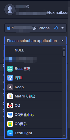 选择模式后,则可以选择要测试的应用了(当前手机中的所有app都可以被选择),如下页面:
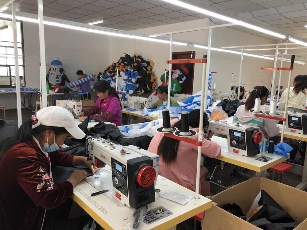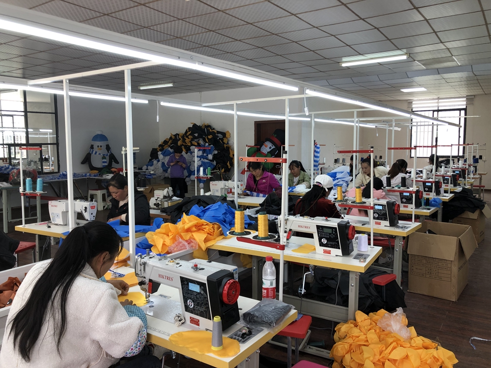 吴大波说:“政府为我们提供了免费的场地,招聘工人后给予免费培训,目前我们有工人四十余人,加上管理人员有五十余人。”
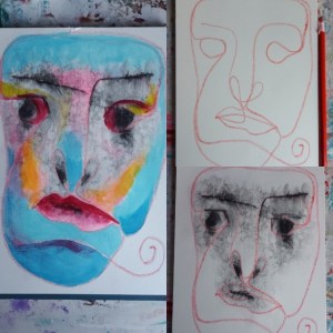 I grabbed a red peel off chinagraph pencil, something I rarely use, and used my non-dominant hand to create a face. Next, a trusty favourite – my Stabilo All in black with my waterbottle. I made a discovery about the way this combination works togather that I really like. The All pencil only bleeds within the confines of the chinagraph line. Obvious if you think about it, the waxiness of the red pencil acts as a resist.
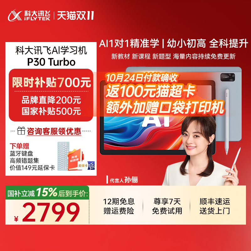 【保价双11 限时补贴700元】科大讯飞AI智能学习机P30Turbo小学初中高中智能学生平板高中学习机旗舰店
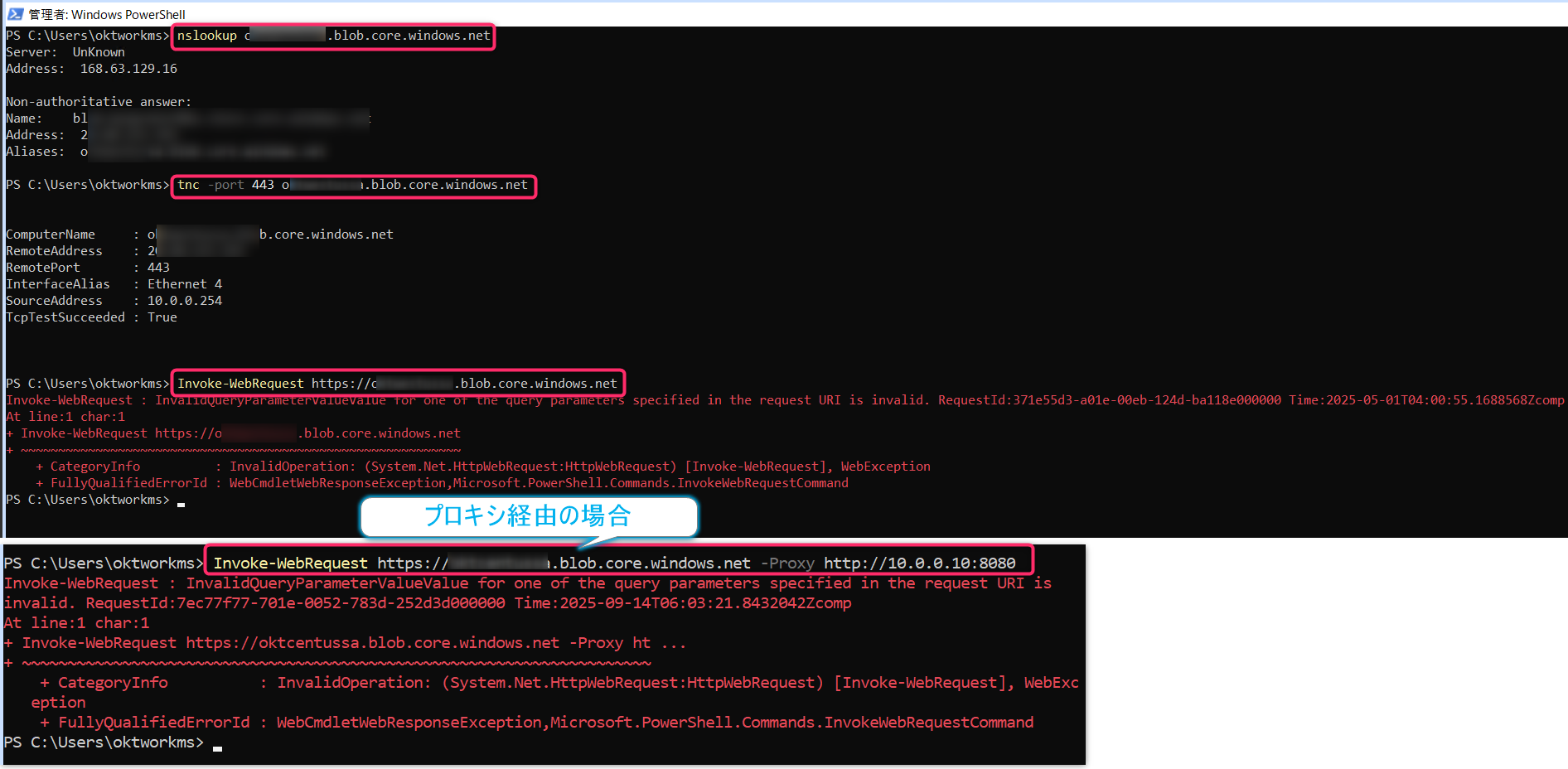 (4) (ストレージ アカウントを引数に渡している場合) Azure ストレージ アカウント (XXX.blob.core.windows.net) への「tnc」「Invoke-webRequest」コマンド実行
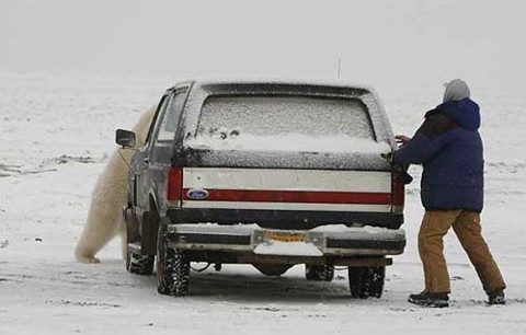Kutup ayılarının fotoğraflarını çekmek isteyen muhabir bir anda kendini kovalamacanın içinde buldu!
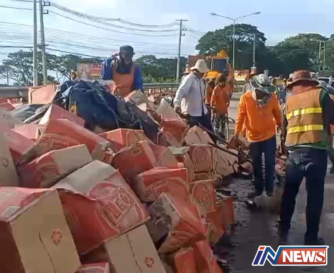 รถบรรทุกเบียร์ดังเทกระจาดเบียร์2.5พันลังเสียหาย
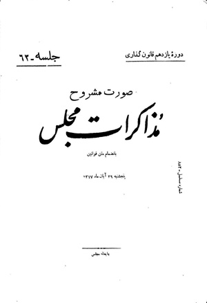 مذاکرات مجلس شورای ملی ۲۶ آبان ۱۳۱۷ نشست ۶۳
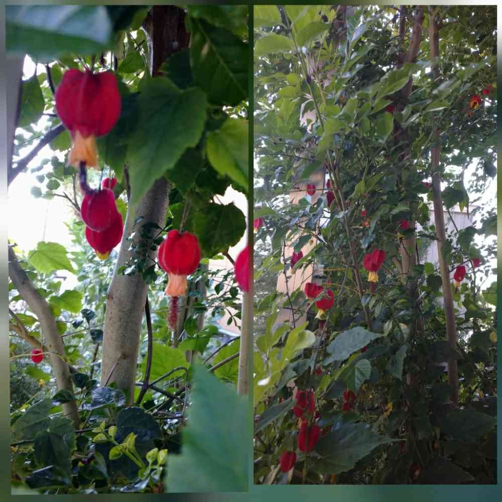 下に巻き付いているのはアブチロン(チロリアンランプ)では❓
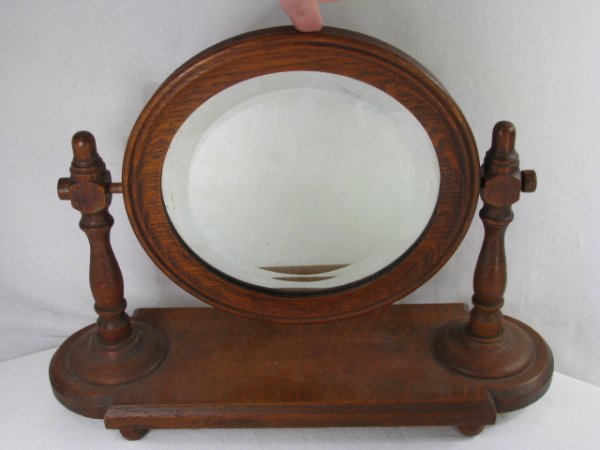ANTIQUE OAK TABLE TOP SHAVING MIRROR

* Exercise goal *
Pictures stay out of the copy, while everything else in the records above goes in exactly as written.

* Answer section *
 选择模式后,则可以选择要测试的应用了(当前手机中的所有app都可以被选择),如下页面:
 吴大波说:“政府为我们提供了免费的场地,招聘工人后给予免费培训,目前我们有工人四十余人,加上管理人员有五十余人。”
 I grabbed a red peel off chinagraph pencil, something I rarely use, and used my non-dominant hand to create a face. Next, a trusty favourite – my Stabilo All in black with my waterbottle. I made a discovery about the way this combination works togather that I really like. The All pencil only bleeds within the confines of the chinagraph line. Obvious if you think about it, the waxiness of the red pencil acts as a resist.
 【保价双11 限时补贴700元】科大讯飞AI智能学习机P30Turbo小学初中高中智能学生平板高中学习机旗舰店
 (4) (ストレージ アカウントを引数に渡している場合) Azure ストレージ アカウント (XXX.blob.core.windows.net) への「tnc」「Invoke-webRequest」コマンド実行
Kutup ayılarının fotoğraflarını çekmek isteyen muhabir bir anda kendini kovalamacanın içinde buldu!
 รถบรรทุกเบียร์ดังเทกระจาดเบียร์2.5พันลังเสียหาย
 مذاکرات مجلس شورای ملی ۲۶ آبان ۱۳۱۷ نشست ۶۳
 下に巻き付いているのはアブチロン(チロリアンランプ)では❓
ANTIQUE OAK TABLE TOP SHAVING MIRROR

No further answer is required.